UPDATE 28/5/18: Mr Dehaye has admitted that he deliberately adopted an obstructive approach because he thinks I am a trouble-maker. I believe that this is a clear breach of the GDPR; if the Data Controller Personal Data.IO is capable of playing these kinds of games, and deliberately discriminates against data subjects, I think this seriously undermines their credibility to act as an agent for other people’s SARS. The company is setting a cynical, obstructive example, and it would be catastrophic for subject rights if other controllers followed their lead.


  1. “the work mobile is on my website, and so can be linked to me without the need for unnecessary proof”

    I agree with the gist of your piece — that “reasonable” or “appropriate” measures to identify and verify the data subject are both acceptable and required — but I wonder if you might expand on your thinking for this particular line, please?

    As anyone can put your mobile number on their website, using that alone as a way of verifying that it is *your* mobile number seems insufficient to comply with Article 32, excepting, perhaps, the most anodyne of situations.

    Validating that you have the mobile number under your control at the point at which you make the SAR might be slightly better, but shows only that you now have control of the number, not that you did at any given point in the past to which your SAR might relate.

    Where the number is already linked with some other verifiable information which the controller holds, verifying that other information would do the trick in most cases but, where the identifying data are not linked (beyond the data subject’s assertion that they are linked), I’d be surprised if “it’s on my website” be would “appropriate” / “reasonable” in itself?

    • The request I made was with my work (i.e. 2040 Training) email address.
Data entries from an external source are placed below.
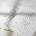 INFO CARDS: Useful for additional info such as taxi numbers, hotels, gift lists, poem's and more.
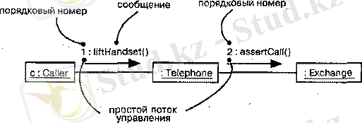 Менее распространенный, но вполне приемлемый способ показан на рисунке Здесь линия с незакрашенной стрелкой представляет простой (неструктурированный) поток управления, который моделирует непроцедурную передачу управления от одного шага к другому. В данном случае сообщение assertCall является вторым в последовательности.
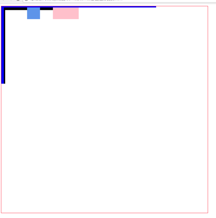 <!DOCTYPE html><html> <head> <meta charset="UTF-8"> <title></title> <style type="text/css"> canvas{ border:1px solid red; } </style> </head> <body> <canvas id="mycanvas" width="800" height="800"></canvas> </body> <script type="text/javascript"> var canvas = document.getElementById("mycanvas"); var context = canvas.getContext("2d"); //用黑色直線線表示開始的坐標系 context.beginPath(); context.moveTo(0,0); context.lineWidth = 30; context.lineTo(100,0); context.stroke(); context.beginPath(); context.moveTo(0,0); context.lineWidth = 30; context.lineTo(0,100); context.stroke(); //原圖:藍色 context.beginPath(); context.fillStyle = "cornflowerblue"; context.fillRect(100,0,50,50); context.fill(); //縮放:粉色 ,放大/小坐標系,圖形大小也縮放 context.scale(2,1); //第一個參數是X軸縮放比例,第二個參數是Y軸縮放比例 context.beginPath(); context.fillStyle = "pink"; context.fillRect(100,0,50,50); //用藍色直線表示平移以后的坐標軸 context.beginPath(); context.moveTo(0,0); context.lineWidth = 10; context.strokeStyle = "blue"; context.lineTo(100,0); context.stroke(); context.beginPath(); context.moveTo(0,0); context.lineWidth = 10; context.strokeStyle = "blue"; context.lineTo(0,100); context.stroke(); </script></html>
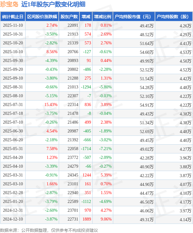 从股价来看,2025年10月31日至2025年11月10日,珍宝岛区间涨幅为2.74%,在此期间股东户数增加178.0户,增幅为0.81%。
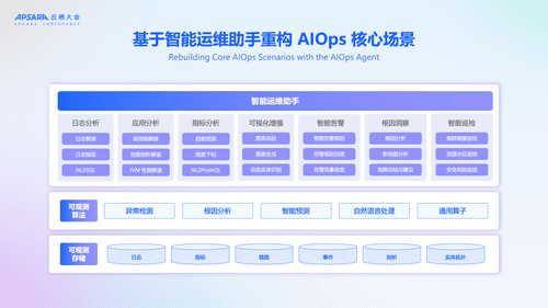 - 最顶层,诞生了全新的 AIOps Agent 形态,以及丰富的智能探索场景,将运维带入了自然语言对话的新形态。
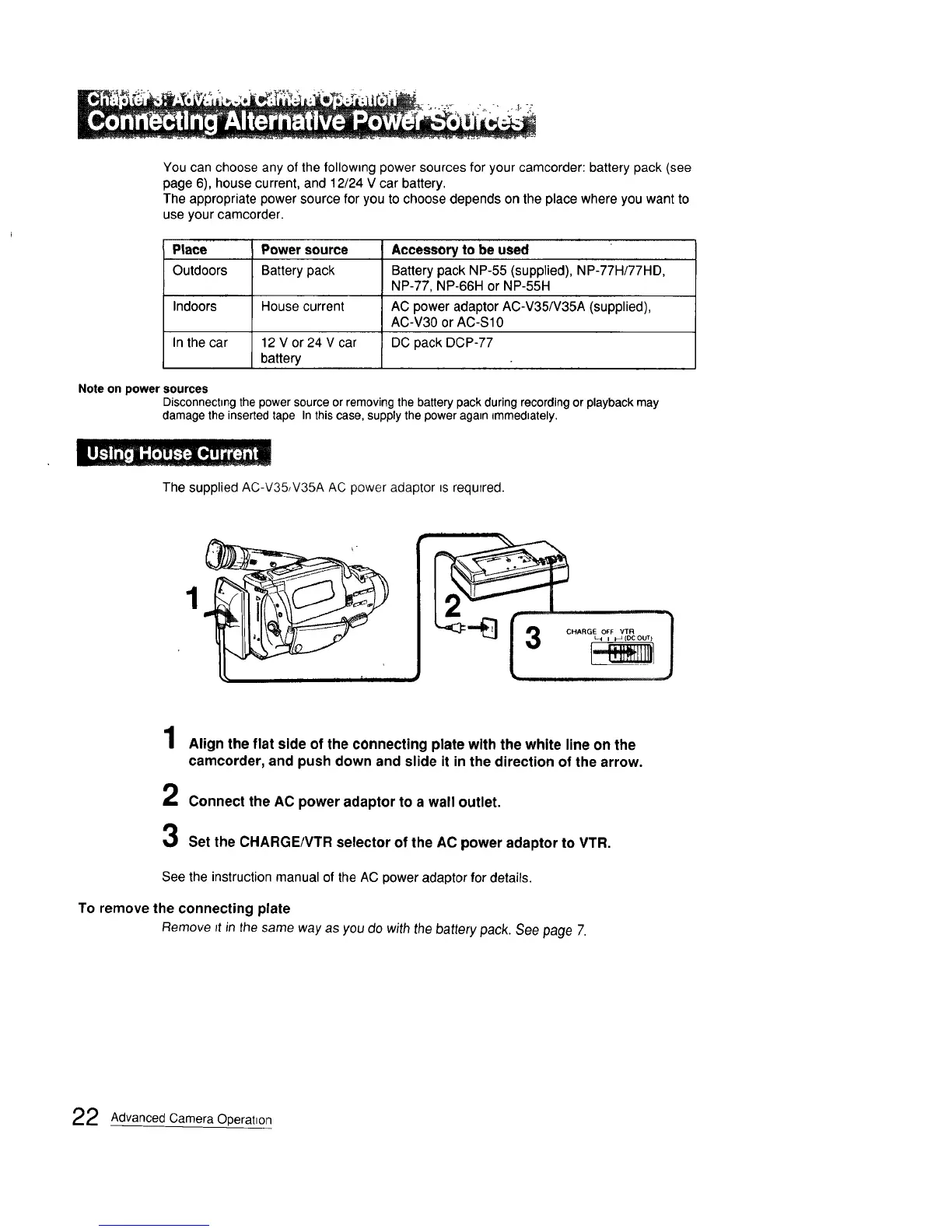 Youcanchooseanyofthefollowingpowersourcesforyourcamcorder:batterypack(see
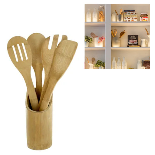 ATB16 reviews5 Pack Bamboo Wooden Kitchen Tools Cooking Utensil Spatula Spoon Fork Stand Chef Bamboo Utensil Set with Container. Great for a variety of cooki...
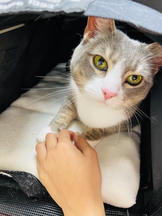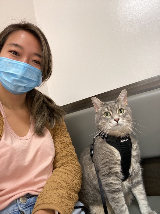 The cats were SUPER nervous at the vet. It seems like any new environment makes them very anxious. Ben was very vocal as he was hissing at everyone and trying to make his escape. Ellie, on the other hand, was very quiet and retreated into her carrier – she was definitely the easier cat to manage.
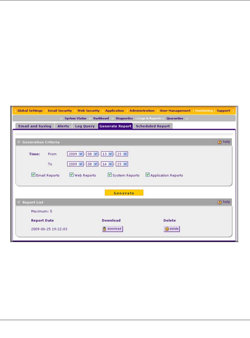 2. Click the Generate Report submenu tab. The Generate Report screen displays.
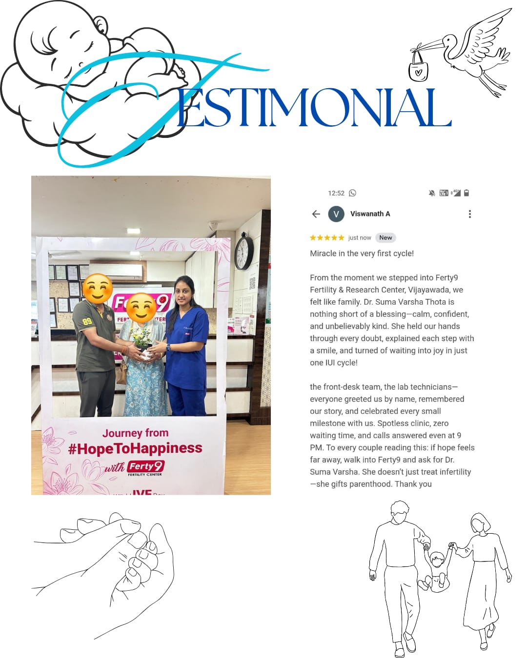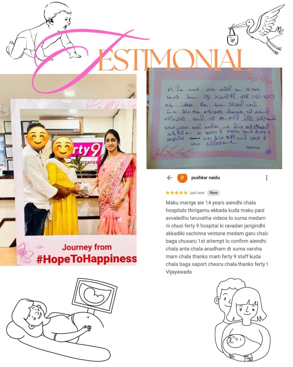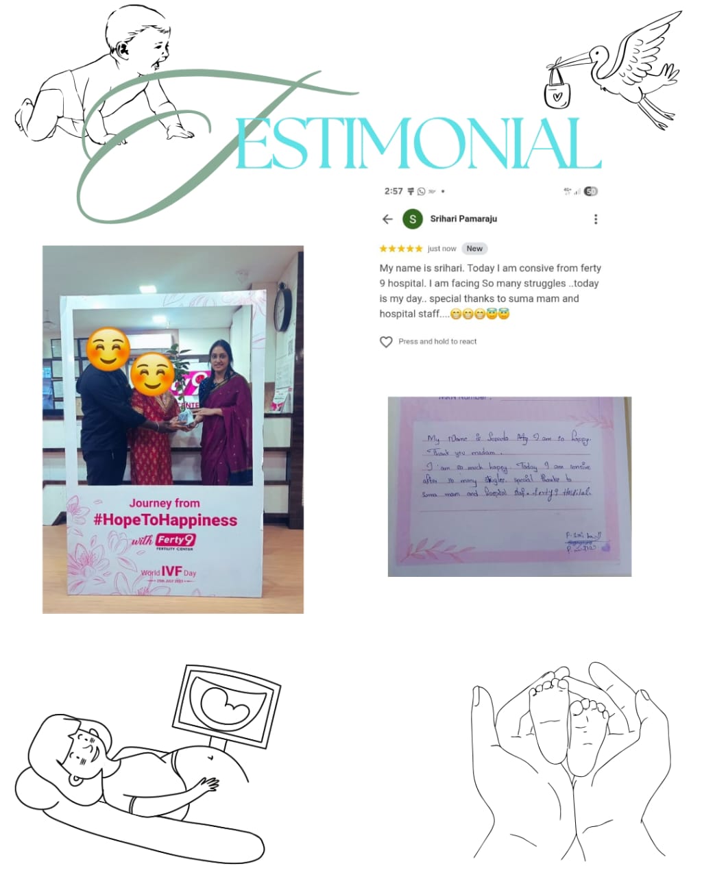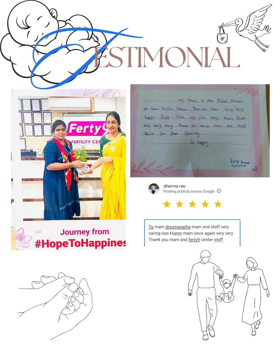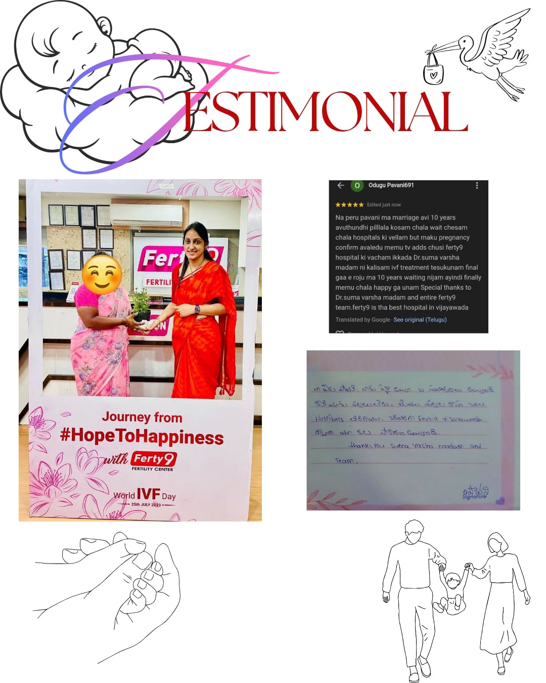 నా పేరు లక్ష్మి. నాకు వివాహం అయి 20 సంవత్సరాలు అవుతుంది. చాల హాస్పిటల్స్ తిరిగాను కానీ ఫలితం లేదు. ఫర్టీ 9 హాస్పిటల్ కి వచ్చిన 2 నెలల్లోనే పాజిటివ్ వచ్చింది. సుమా మేడమ్ మరియు స్టాఫ్ అందరూ చాలా బాగా సపోర్ట్ చేశారు. చాలా సంతోషంగా ఉన్నాను. థాంక్యూ సుమా మేడమ్ మరియు టీం.
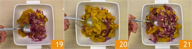 Now transfer both the pumpkin and the onion into a baking dish, alternating the layers 19 20 21. Place in the refrigerator and let rest for 6 to 12 hours to allow the flavors to blend well.
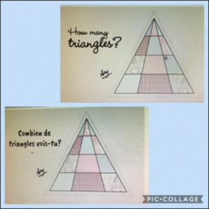 This past month’s Math Challenge “How Many Triangles? / Combien de triangles?” was truly inspirational. Our students, as with every month, from JK to Grade 6, tackled this challenge and used clever reasoning skills to arrive at their answer and share them visually and in writing in both French and English.
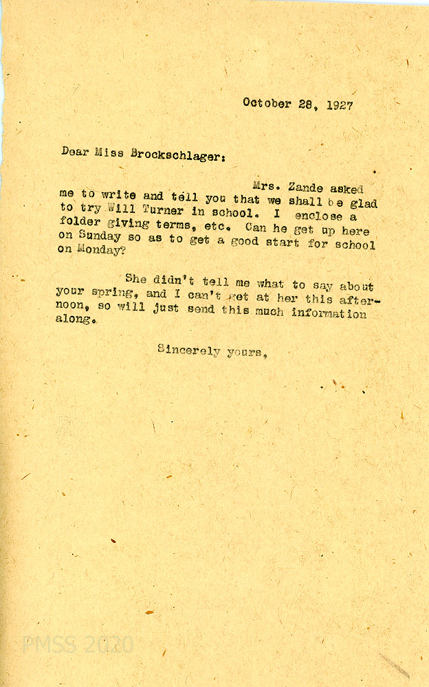 [076] October 28, 1927. To Anna from [unsigned], relaying Zande’s message that “we shall be glad to try Will Turner in school.”
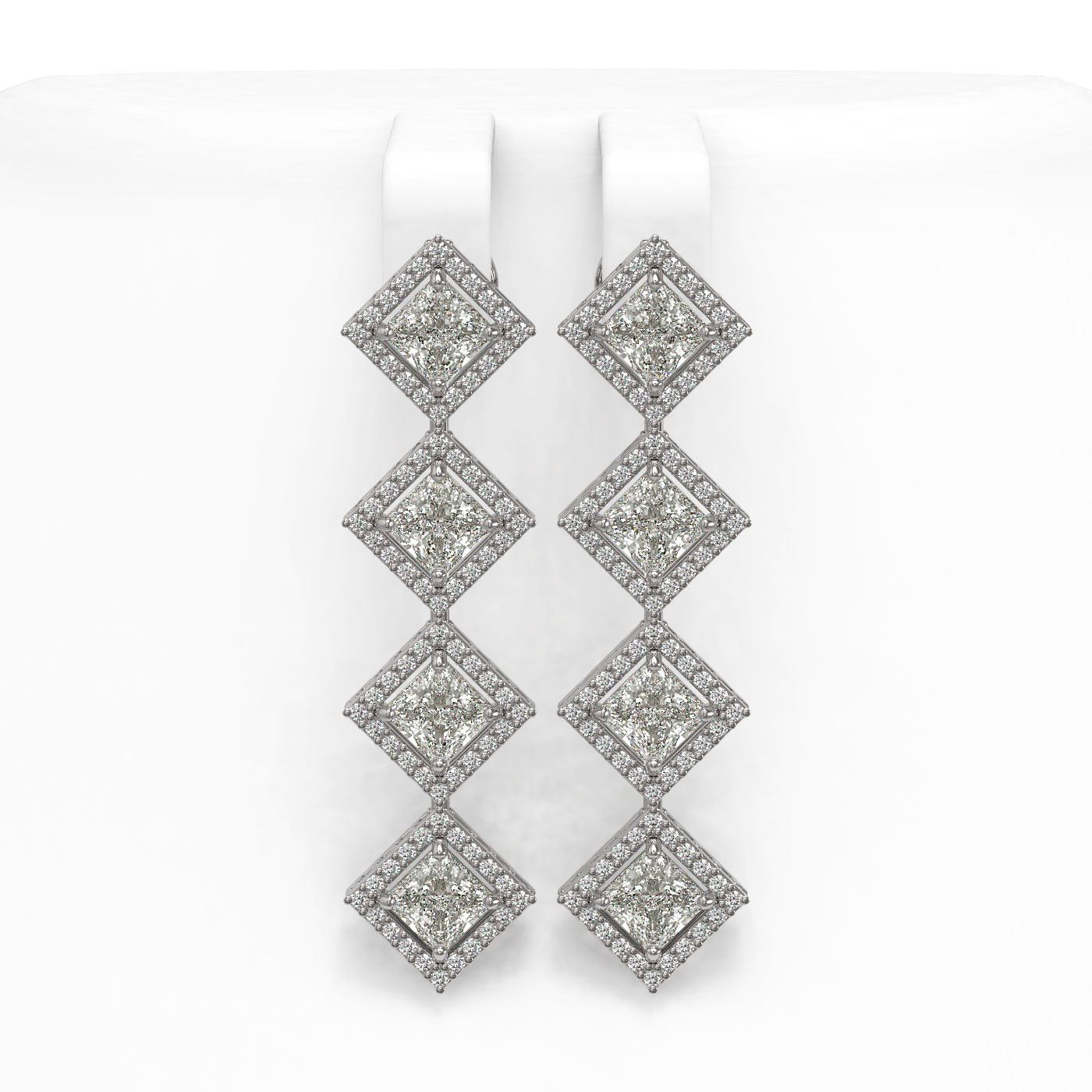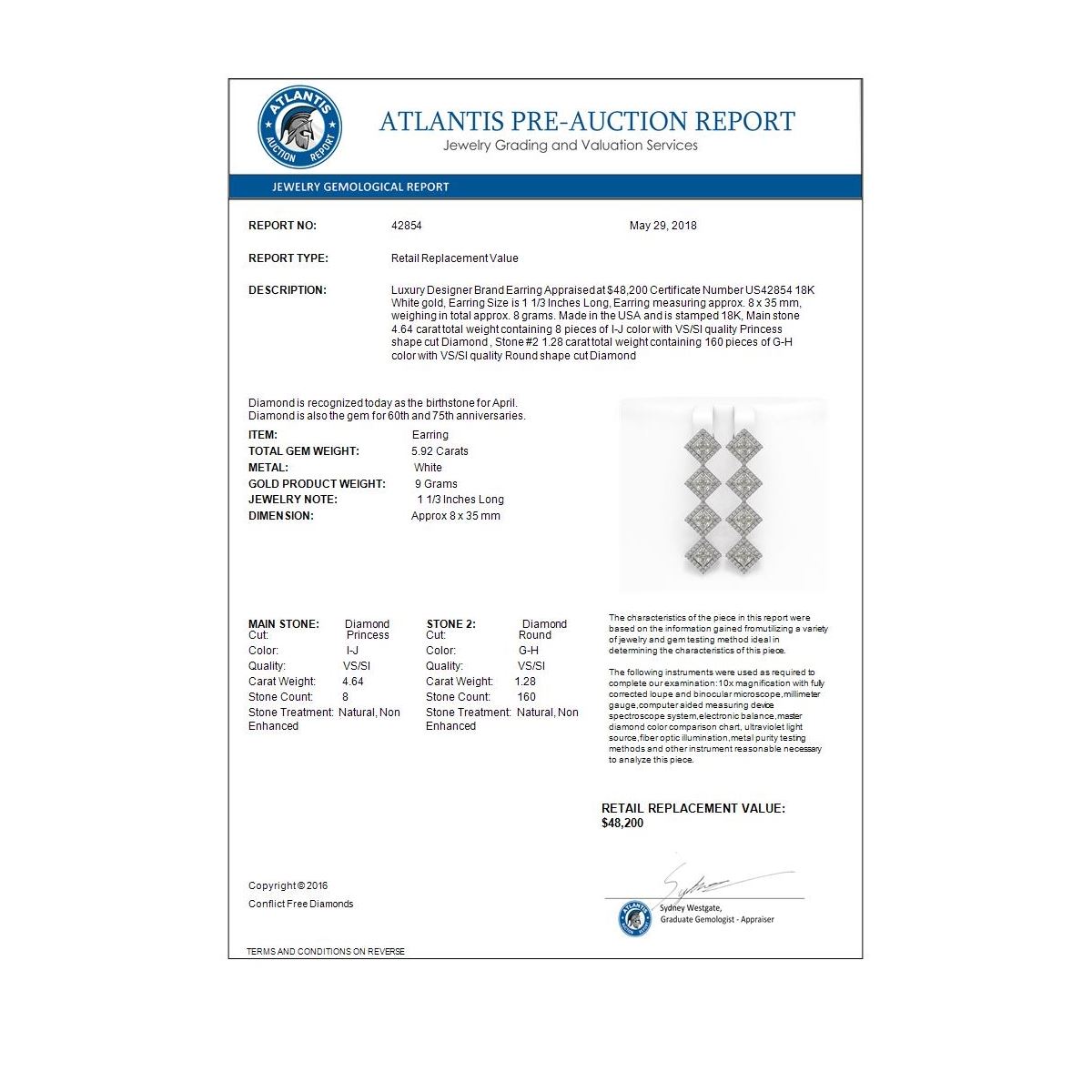 REF-1094Y9K -42854 ---- 5.92 CTW Princess Cut Diamond Designer Earrings 18K White Gold ---- Luxury Designer Brand Earring Appraised at $48,200 Certificate Number US42854 18K White gold, Earring Size is 1 1/3 Inches Long, Earring measuring approx. 8 x 35 mm, weighing in total approx. 8 grams. Made in the USA and is stamped 18K, Main stone 4.64 carat total weight containing 8 pieces of I-J color with VS/SI quality Princess shape cut Diamond , Stone #2 1.28 carat total weight containing 160 pieces of G-H color with VS/SI quality Round shape cut Diamond
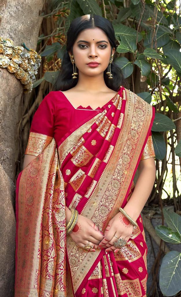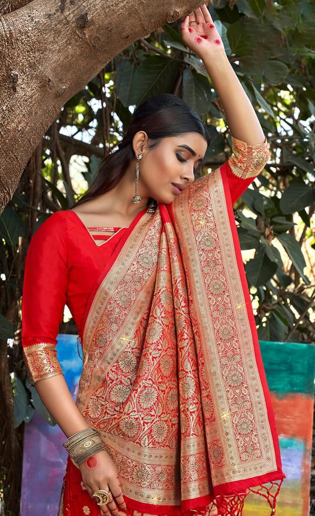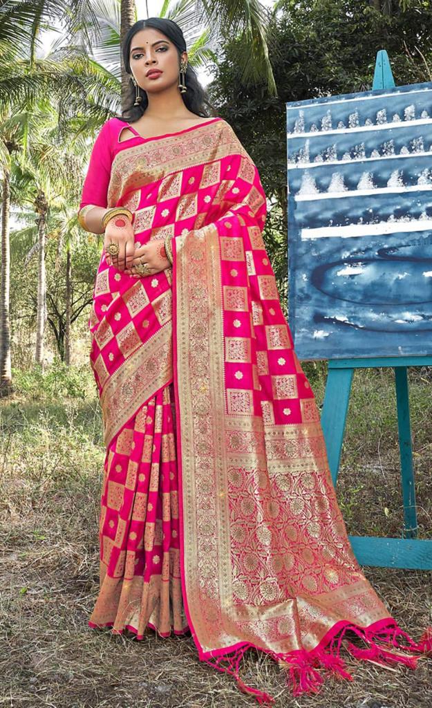 ? *New Catalog Exclusively Launching From Our Newly Launched Brand:- BUNAWAT* ? Catalog Name: *MRIGNYANI* Brand: *BUNAWAT* Product Type: Saree Fabric: Banarasi Silk Price Per Piece: 1550/- Gst Extra: 5% Work: Woven Work Other Specifications: Tassels on Pallu Saree Mtr: 5.5 Mtr Blouse: 0.8 Mtr Total Pcs: 6 _*Book your orders now*_ 100+single |
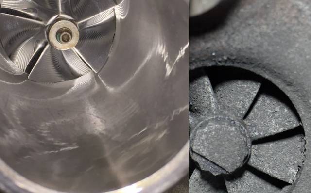 渦輪扇葉運作會因為在高溫油氣和空氣顆粒物的作用下形成厚厚的積碳,影響渦輪的使用效果和零件壽命,造成怠速不穩(wěn),動力損失、油耗增加等等問題。因此,清理渦輪部件的積碳可以恢復(fù)渦輪增壓器的最佳狀態(tài)。
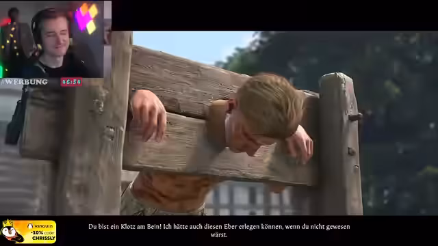 01:24:22Der Streamer beginnt, Mehlsäcke zur Speisekammer zu schleppen und fühlt sich dabei etwas verarscht. Er schwitzt und sorgt sich um seinen Muskelaufbau. Er wird ermahnt, sich nicht provozieren zu lassen und keine weiteren Sorgen zu verursachen. Der Streamer beteuert, ruhig zu sein, und wird aufgefordert, Dorftrottel zu ignorieren und sich an die Arbeit zu machen. Es kommt zu einer Rufverschlechterung. Der Streamer fragt, was gesagt wurde und deutet an, dass sich die Leute selbst angegriffen haben. Er wird ermahnt, sich zu beruhigen. Der Streamer wird beschuldigt, ein lügender Nichtsnutz zu sein, und es wird eine Entschuldigung verlangt. Der Streamer wird aufgefordert, zu gehen. Er gibt vorerst auf. Er muss nun mitmachen und fängt an, auf Säcke zu boxen. Er findet es unfair und fragt sich, warum die Gegner nicht umfallen. Er tritt in die Säcke und fragt, ob er die Gegner looten kann. Der Streamer wird als jemand bezeichnet, der wie ein Mädchen schlägt, was er zu vermeiden suchte. Er wird verhaftet und in den Pranger gesteckt.
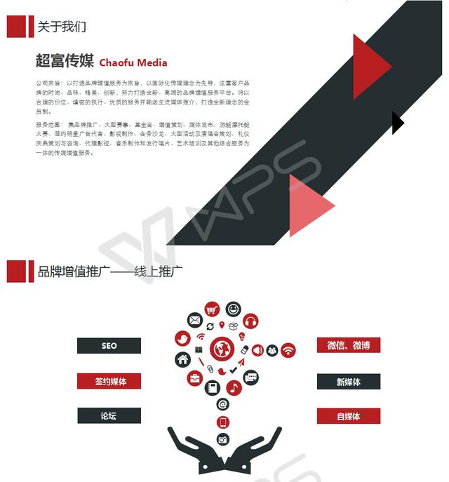 公司宗旨:以打造品牌增值服务为宗旨,以国际化传媒理念为先导,注重客户品牌的时尚、品味、精美和创新,努力打造全新、高端的品牌增值服务平台。将以合理的价位、缜密的执行、优质的服务并输送到主流媒体推介,扩大客户的知名度。
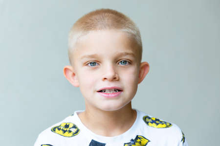 Portrait of a blond boy with an orthodontic plate and braces. Close up
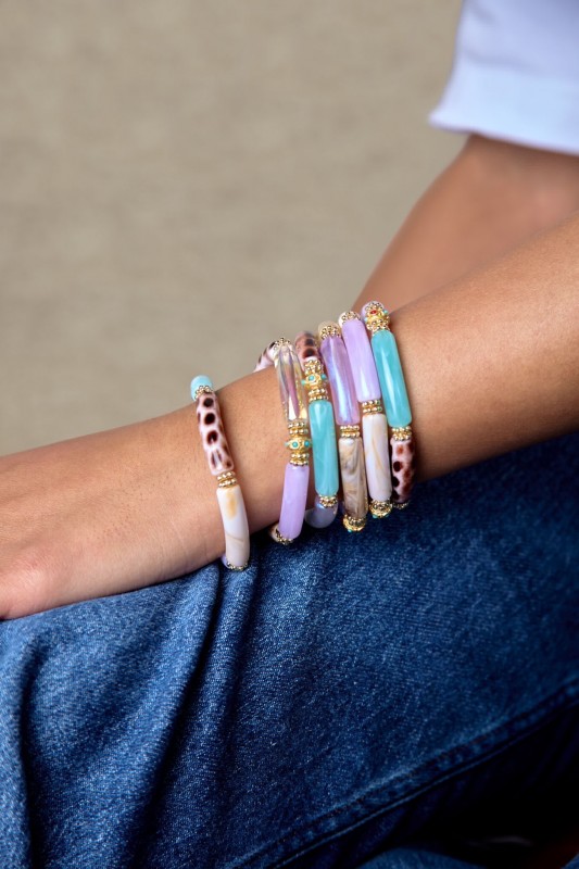 Les bracelets JUHU sont élaborés avec des perles acrylique, agrémentés d'empiècements dorés et d'un donuts coloré, montés sur un fil élastique résistant. Ils sont fabriqués à la main avec soin et dans une variété de couleurs pour s’accorder à chaque tenue. Le bracelet JUHU se porte aussi bien seul, pour une touche subtile et élégante, qu’en accumulation pour un effet plus audacieux.

If the mobile number is on the website with the same domain as the email address, I think it’s case closed.

      • Thanks, Tim.

        If the mobile number was linked with that email address on the records held by the controller, I’d agree, and that may well be the situation you have in mind.

        If, however, the controller has no linkage between the number and the address, I’m struggling with this, simply because if I put your number on my website, and send the controller a request from an email address linked to that domain, then I am doing just the same as you are, and, since it is so trivial to fake, that feels like a *really* low standard of verification.

        If I did this, and the controller sent me data relating to your phone number, would you consider that the controller had breached Article 32?

      • I think in this set of circumstances, it works. In other circumstances, it might not.

        Do you think the Data Controller should demand a phone bill before disclosing any information linked to a phone number?